I think I am UGLY. I see my myself sometimes and I'm disgusted, and I can't believe I'm the way I am. I can understand why no one would like me actually. Especially my nose, it's like not even in proportion with the rest of my face. I don't know if fixing it would help, I sure hope it wouldn't make me fixated on something else.
 

RND_CHR

Well-known member
I'm 23. I'm starting to get wrinkles on my face. They're not very big but when I look at them they look like huge valleys to me.
 

DASwife

Well-known member
I have an unhealthy need for perfection. I feel like I hate very bit of my body that isn't perfect (which is pretty much everything). I hate my hair, my nose, my thighs, my height, the proportions of my body and whatnot....I hate a lot about my appearance. But the thing is, I don't consider myself ugly compared to other people. I just consider myself ugly compared to MY own standards.

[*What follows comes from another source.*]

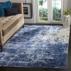 The unique rug pattern imbues your room with a sense of dynamism and modern flair. Unveil a sophisticated canvas of abstract design, where the interplay of blue hues and subtle white accents creates a captivating visual texture that will complement a range of interior decors.
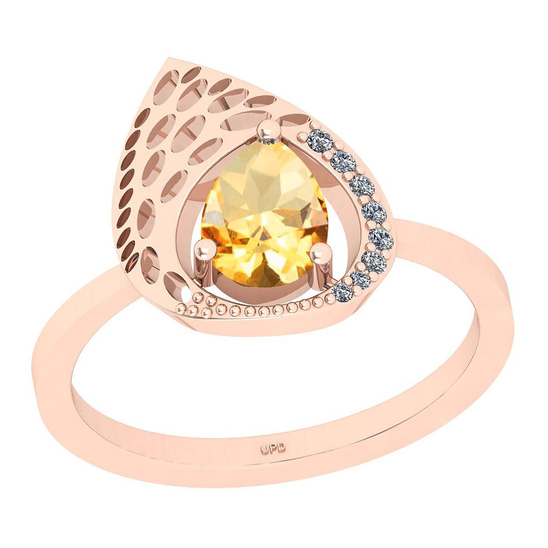 Certified 0.79 Ctw I2/I3 Citrine And Diamond 10K Rose G **|**|** Center Stone Approx Weight: 0.75 Ctw (Pear Cut) Center Stone Color: Citrine Center Stone Setting: Prong Side Stone 0.04 Ctw Side Stone Color: J-K Stone Clarity: I2/I3 Stone Setting: Prong Metal Approx Weight: 2.80 Gram 10K Rose Gold Vintage Style Ring Size: 6 (Free Sizing Avail)

I totally feel that...I used to be a model before I became disabled and I would sit there for hours obsessing over my makeup thinking something was wrong, something could look better, etc. It was pretty stupid because I knew people considered me gorgeous, my problem was that I didn't look good enough for MY own unreasonable standards.

Now I have a lot of problems accepting myself because of my back and leg braces but, I think that's a little more legitimate lol.

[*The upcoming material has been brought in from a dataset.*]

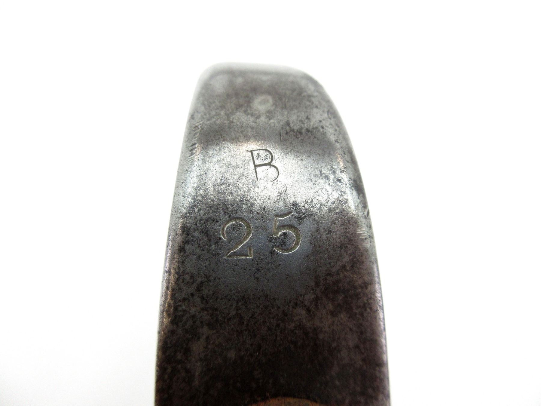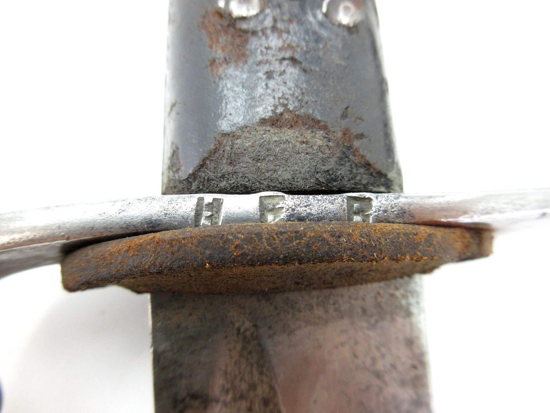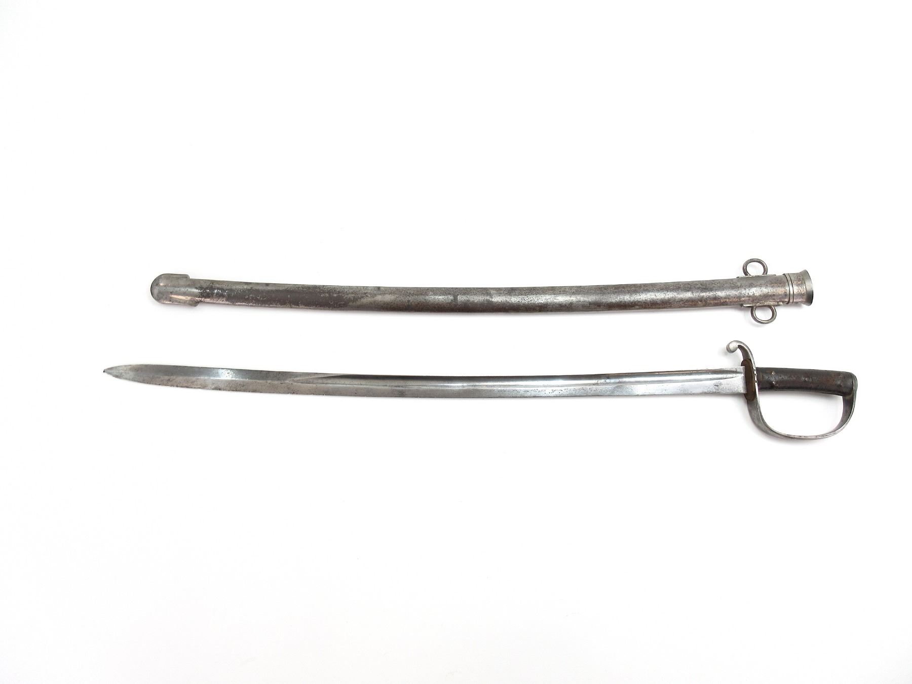 (1) SLIGHTLY CURVED SINGLE-FULLERED BLADE, RICASSO MARKED: CROWN OVER "B" OVER "13" OVER PARTIAL MARKING, FAINT / PARTIAL MARKING ON BLADE SPINE, EDGE OF BLADE MARKED: CROWN OVER "B" OVER "13" OVER PARTIAL MARKING, LEATHER BUFFER PAD / WASHER, CROSS-GUARD MARKED: "HFB (HAMILTON FIELD BATTERY), GUARD MARKED: "B" OVER "25", 2-PIECE LEATHER COVER GRIP, D-SHAPED GUARD, METAL POMMEL, NO VISIBLE MARKINGS, STEEL SCABBARD, MARKED: "CFL", CROWN OVER "75" OVER "E", "P" OVER "99", BROAD ARROW, CROWN OVER "75" OVER "E" & "01", TWO METAL HANGERS, BLADE APPROX. 32.5" & OAL APPROX. 38 1/8". SEE PHOTOS.

I guess now I define my appearance based on how well I can hide my braces under the outfit I'm wearing. It pretty much sux.
 

Tiercel

Well-known member
I think I pretty much define myself as I actually am. I'm rather boring and plain looking, overweight, and balding. I've been making an effort lately to straighten up when I stand, walk, or sit. I wear plain clothes, as I don't like attracting too much attention. When I talk I sound like a 14 year old boy. I hate my voice although I can hit most notes when I sing along with certain metal bands. And I rather dislike the Mid-Atlantic accent I have when I talk, but at the same time I'm strangely proud of it.

Overall I guess my definition of my appearance is pretty much like my appearance itself: it's there, so take from it what you will.